■ Brief ■
The copy you print must match the listing exactly, with its pictures removed.

■ Collected data ■
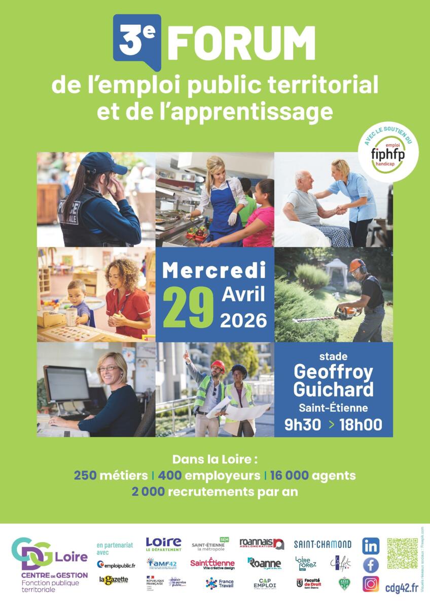 L’AMF42 (Association des Maires de France) vous informe de l’organisation du 3ème Forum de l’Emploi Public Territorial et de l’Apprentissage, une initiative du CDG42 (Centre de Gestion de la Loire) :
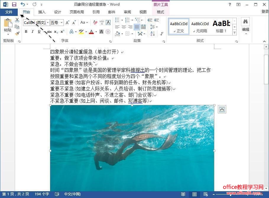 如果 Word 文档中有很多张图片时,此时就可以使用批量导出,非常的方便。这里以 Word2013为例,先点击左上角的「文件」菜单,如图所示。
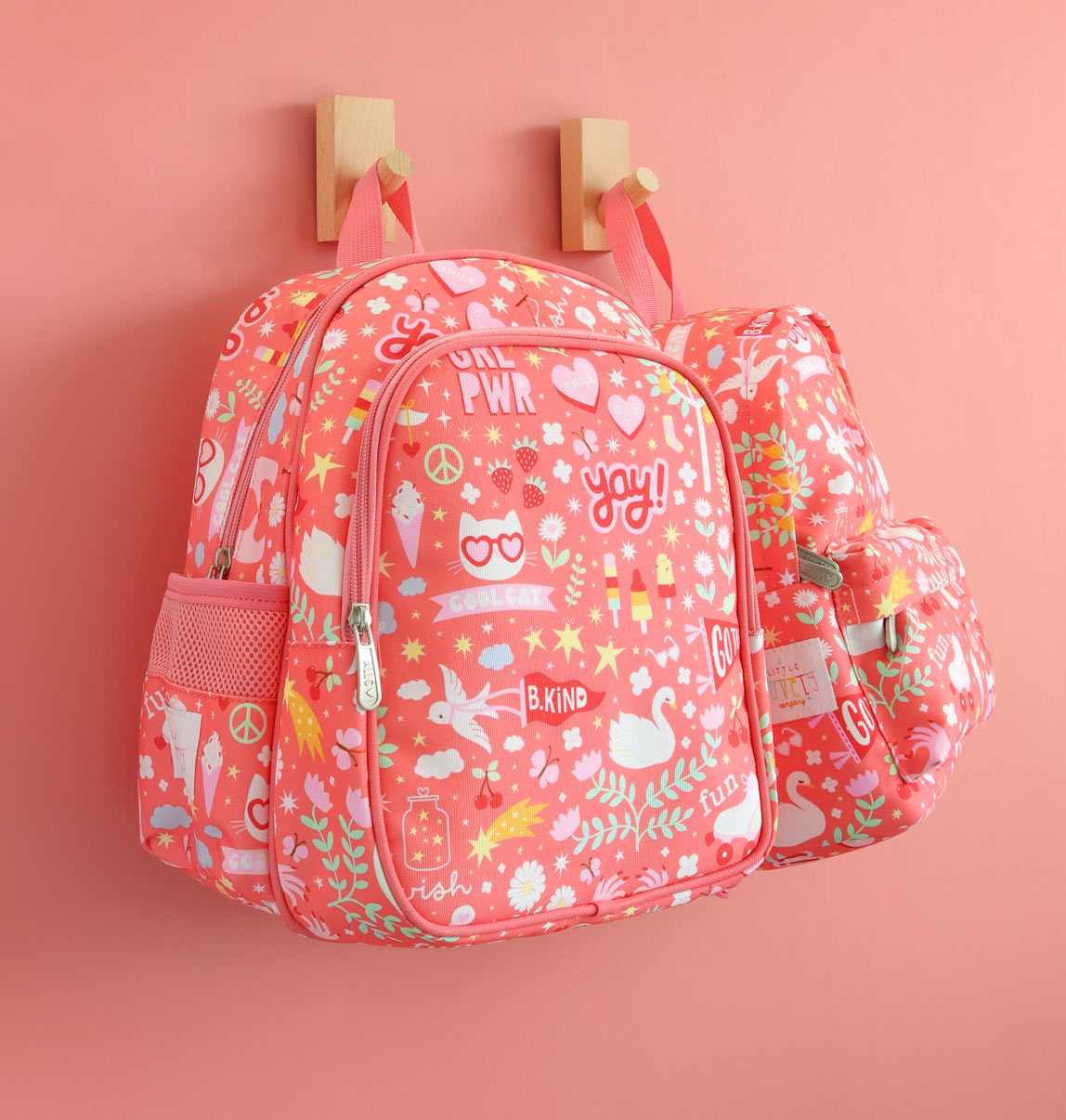 Ez a vidám mintájú hátizsák kiváló választás a gyerekeknek óvodába, iskolába vagy kirándulásra. A hátizsák fő rekesze elég nagy a könyveknek, az uzsonnás doboznak vagy akár ruháknak egy barátos ottalváshoz. A hőszigetelt elülső zseb biztosítja, hogy az ételek és italok hidegen vagy meleg maradjanak. A kényelmes oldalsó zsebekbe elfér a termosz és a kulacs is. A hátlap extra töltettel és légáteresztő réggel lett ellátva, az extra kényelem érdekében. Az elülső csatnak köszönhetően az állítható vállpántok nem mozdulnak el, mindig a vállon maradnak.

■ Output below ■
 L’AMF42 (Association des Maires de France) vous informe de l’organisation du 3ème Forum de l’Emploi Public Territorial et de l’Apprentissage, une initiative du CDG42 (Centre de Gestion de la Loire) :
 如果 Word 文档中有很多张图片时,此时就可以使用批量导出,非常的方便。这里以 Word2013为例,先点击左上角的「文件」菜单,如图所示。
 Ez a vidám mintájú hátizsák kiváló választás a gyerekeknek óvodába, iskolába vagy kirándulásra. A hátizsák fő rekesze elég nagy a könyveknek, az uzsonnás doboznak vagy akár ruháknak egy barátos ottalváshoz. A hőszigetelt elülső zseb biztosítja, hogy az ételek és italok hidegen vagy meleg maradjanak. A kényelmes oldalsó zsebekbe elfér a termosz és a kulacs is. A hátlap extra töltettel és légáteresztő réggel lett ellátva, az extra kényelem érdekében. Az elülső csatnak köszönhetően az állítható vállpántok nem mozdulnak el, mindig a vállon maradnak.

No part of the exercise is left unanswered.